GIVEN MATERIAL:
+++++

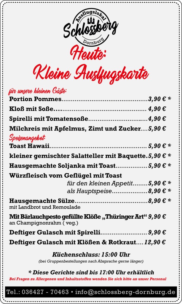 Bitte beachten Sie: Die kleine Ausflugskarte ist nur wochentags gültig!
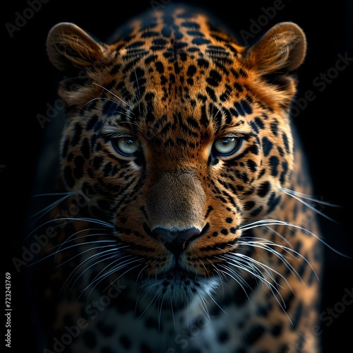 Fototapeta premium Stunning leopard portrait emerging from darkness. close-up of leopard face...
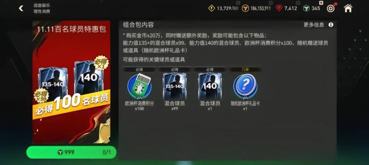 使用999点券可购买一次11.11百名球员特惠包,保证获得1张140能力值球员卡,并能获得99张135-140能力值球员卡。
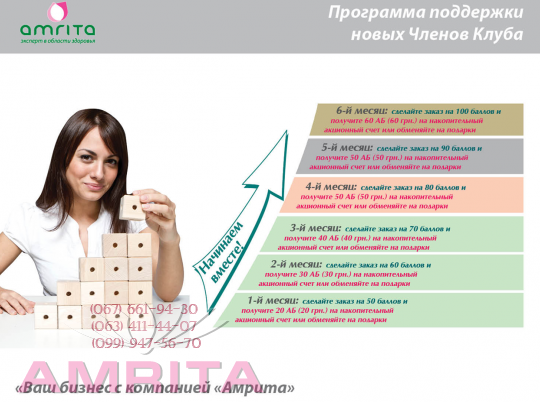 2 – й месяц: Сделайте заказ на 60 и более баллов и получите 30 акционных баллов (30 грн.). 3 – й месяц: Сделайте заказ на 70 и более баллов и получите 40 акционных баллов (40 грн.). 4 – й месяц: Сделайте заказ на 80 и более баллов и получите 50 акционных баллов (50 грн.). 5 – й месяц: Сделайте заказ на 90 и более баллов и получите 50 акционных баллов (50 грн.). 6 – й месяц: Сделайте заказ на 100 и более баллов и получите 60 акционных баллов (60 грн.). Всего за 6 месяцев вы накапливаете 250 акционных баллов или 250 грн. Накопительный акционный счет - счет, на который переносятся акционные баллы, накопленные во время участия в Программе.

+++++

EXERCISE AIM:
Every line from the start of the material through the line containing "使用999点券可购买一次11" is needed exactly as written; the pictures are not.

RESPONSE TO THE EXERCISE:
 Bitte beachten Sie: Die kleine Ausflugskarte ist nur wochentags gültig!
 Fototapeta premium Stunning leopard portrait emerging from darkness. close-up of leopard face...
 使用999点券可购买一次11.11百名球员特惠包,保证获得1张140能力值球员卡,并能获得99张135-140能力值球员卡。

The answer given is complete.